This blog aims to guide you through the process of programming a Pololu robot to execute a specific set of actions: ascending a ramp, recognizing the summit, changing direction, and safely descending the ramp without the risk of falling off. We will delve into best practices for designing an embedded system, breaking down the process into modeling, designing, and analyzing.

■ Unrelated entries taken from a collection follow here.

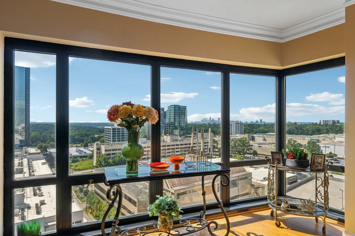Enjoy breathtaking, unobstructed views of the Atlanta skyline from this beautiful 2-bedroom high-rise condo at The Oaks at Buckhead-one of the city's premier addresses. Floor-to-ceiling windows flood the open-concept living space with natural light, while hardwood floors throughout and crown moulding add warmth and sophistication. The modern kitchen boasts sleek ...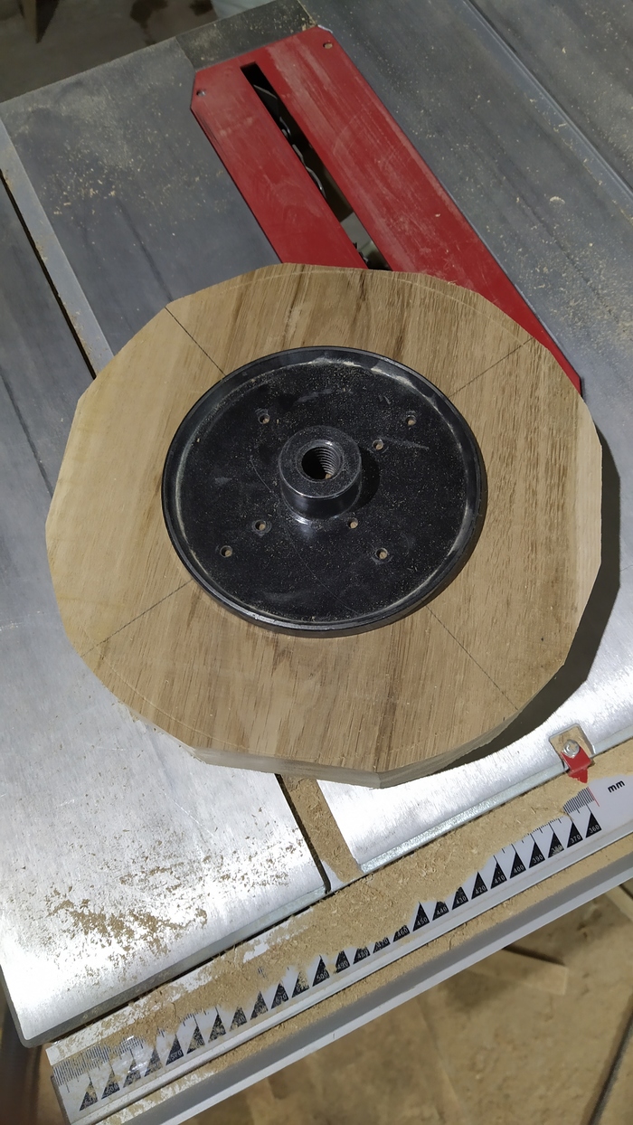 Дальше нужно бы переставить в токарный патрон, но он стоит столько же, сколько и такарный станок, поэтому подклеиваем что-то, к чему можно прикрутить планшайбу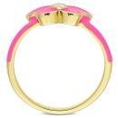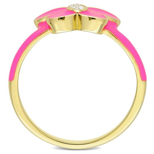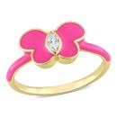 This charming butterfly enamel ring is crafted in lustrous yellow plated sterling silver and features a marquise-cut, bezel-set, created white sapphire gemstone studded at the center of butterfly design on pink enamel. Polished to brilliant shine, this flickering ring makes a valuable addition to any jewelry collection. The perfect finishing touch to your child's outfit, this adorable ring is the stylish addition to any look.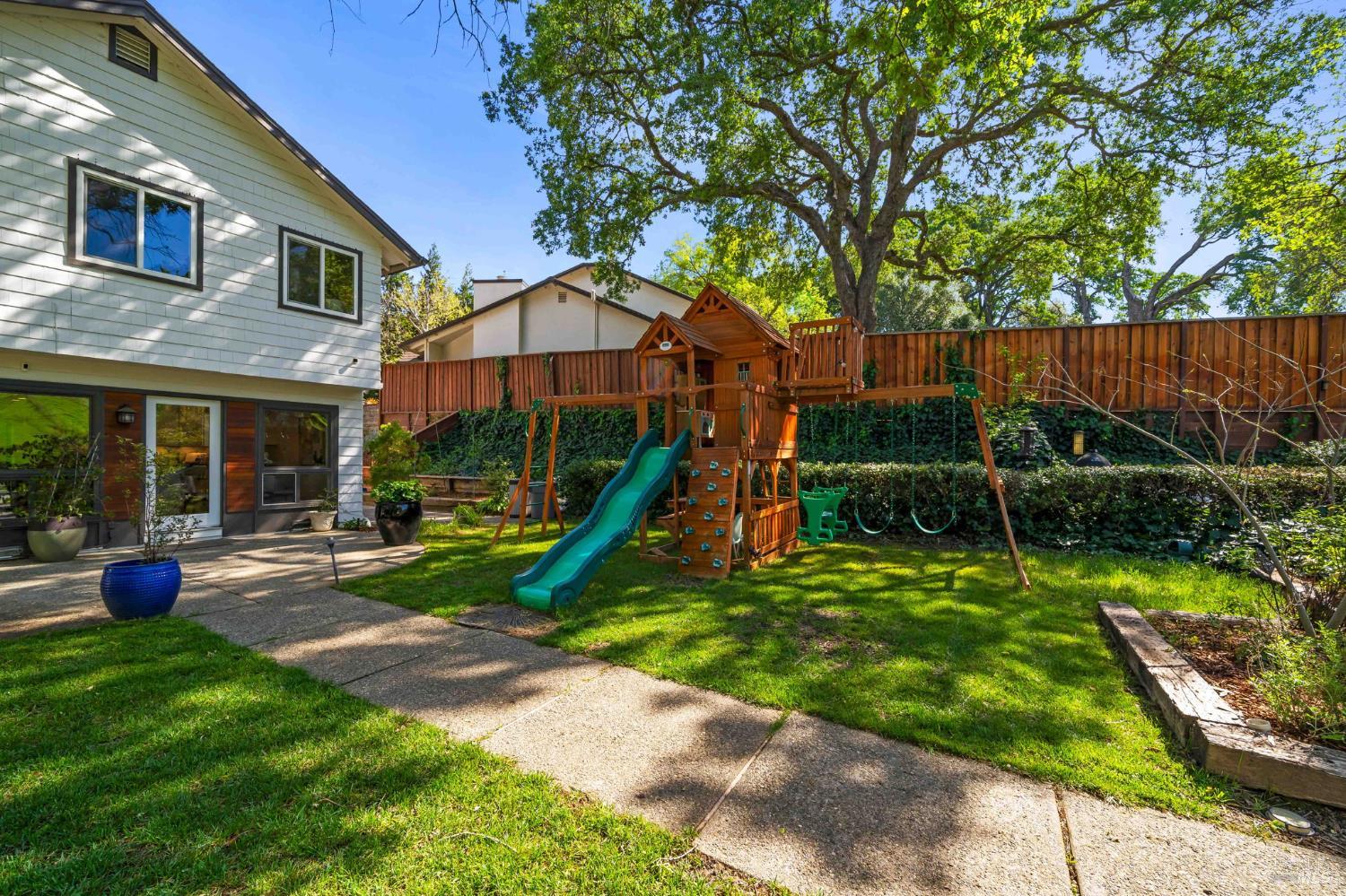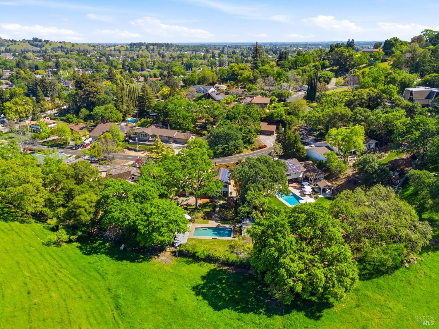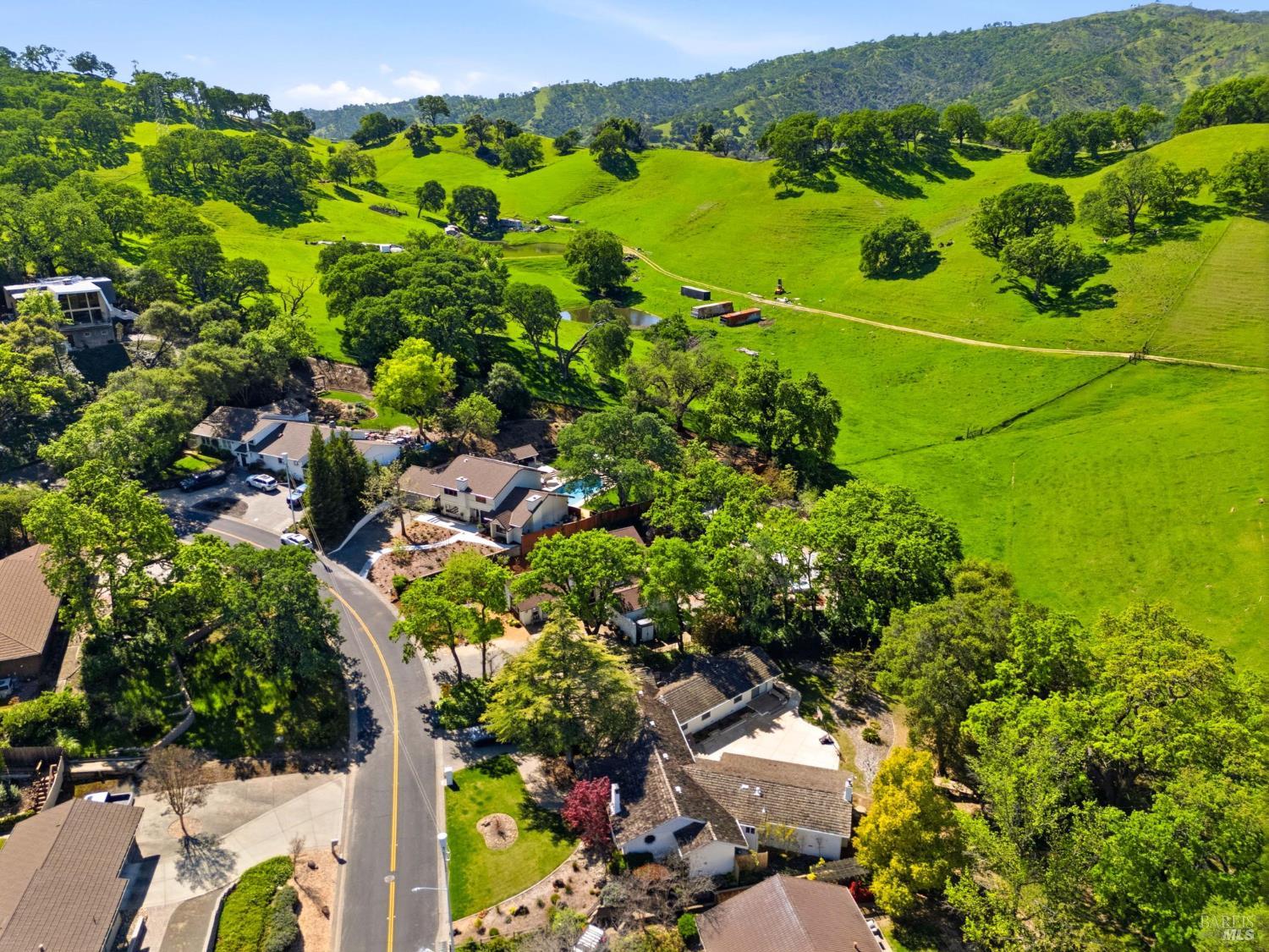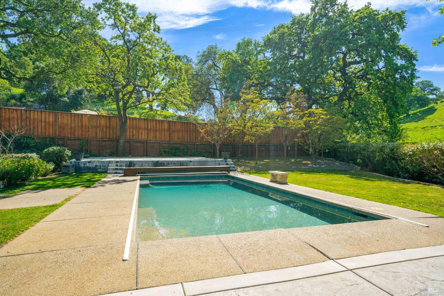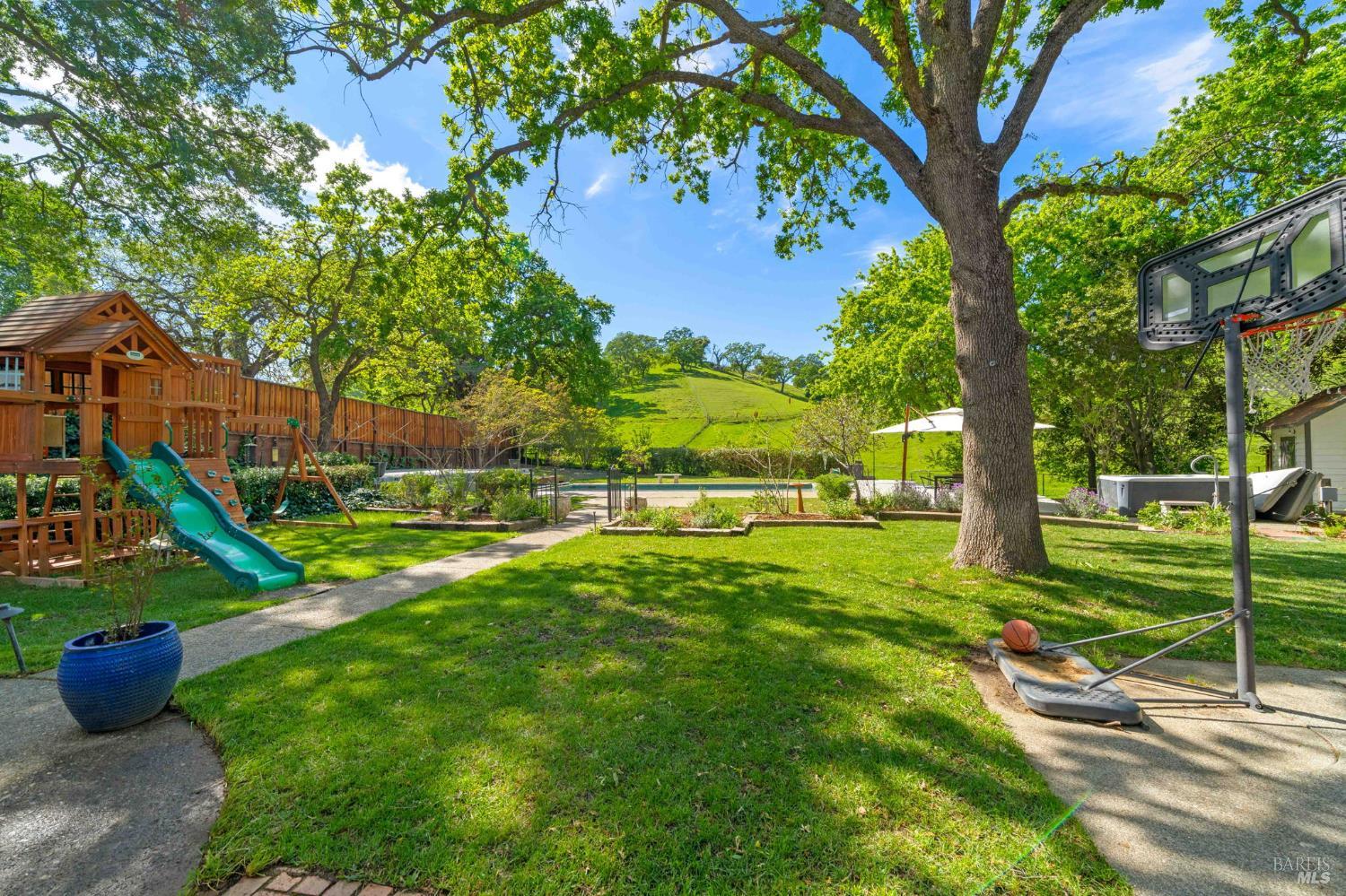 Discover an extraordinary luxury custom home on over a half-acre in prestigious, serene Wykoff Estates of North Vacaville minutes to Alamo Park, the freeway, and downtown. Never before on the market, this one-of-a-kind residence offers unobstructed countryside views, new LVP flooring and carpet, fresh interior and exterior paint and modern finishes throughout. The bright, chef-ready kitchen is a showpiece: white shaker cabinetry, quartz countertops and oversized island with seating, marble-look tile backsplash, stainless steel appliances, designer pendant lighting, recessed lights, and a sunny dining area overlooking the landscaped yard. The stunning living room features vaulted, beamed ceilings, oversized custom windows that flood the space with natural light and frame lush yard and oak-canopy views, and warm wood tones that create an inviting, airy retreat.The generous bedroom suite is a peaceful retreatwide windows capture verdant backyard and hillside vistas, bathing the room in natural light and creating a serene connection to the outdoors. The professionally landscaped backyard is an entertainer's dream: a brand-new Pebble-Tec pool with a broad sun deck, adjacent Hot Springs hot tub, shaded dining and lounge areas, mature oak canopy for privacy, lush lawn, kids' playset and trampoline, along generous paved areas ideal for outdoor living and events. Soaring custom windows bring the outdoors in; a large flex room with private separate entrance is perfect for multigenerational living, an office, or a kids' retreat. The wide driveway allows RV parking and the spacious backyard can accommodate a large ADU. Solar-equipped roof, electric car charger, 3 storage sheds and a peaceful, private setting complete this rare offeringimpeccable inside and out.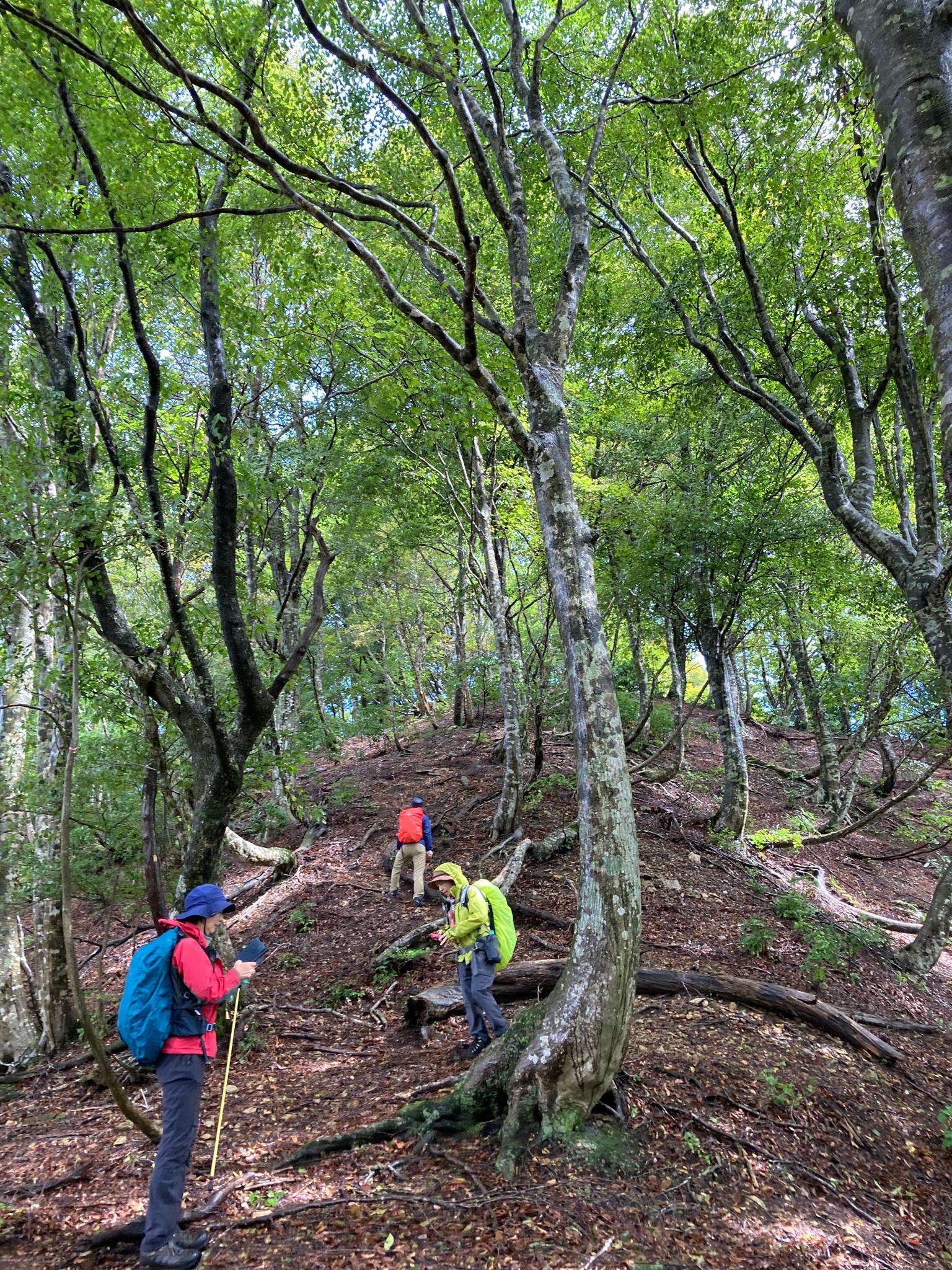 百里新道から登って 高島トレイルの一部分を歩く山道は、終始 ブナ林に包まれる空間でした。

Throughout this journey, we'll navigate the intricacies of implementing line sensing, feedback control, and accelerometer integration to ensure our robot successfully ascends a ramp, executes a turn at the top, and descends without veering off the edge.

Ramp

Background

For this project, we will utilize Lingua Franca, the first reactor-oriented coordination language. It allows you to specify reactive components and compose them. Lingua Franca's semantics eliminate race conditions by construction and provide a sophisticated model of time, including a clear and precise notion of simultaneity. The blog will explain the concepts sufficiently for you to comprehend the program, even if you're not familiar with the language.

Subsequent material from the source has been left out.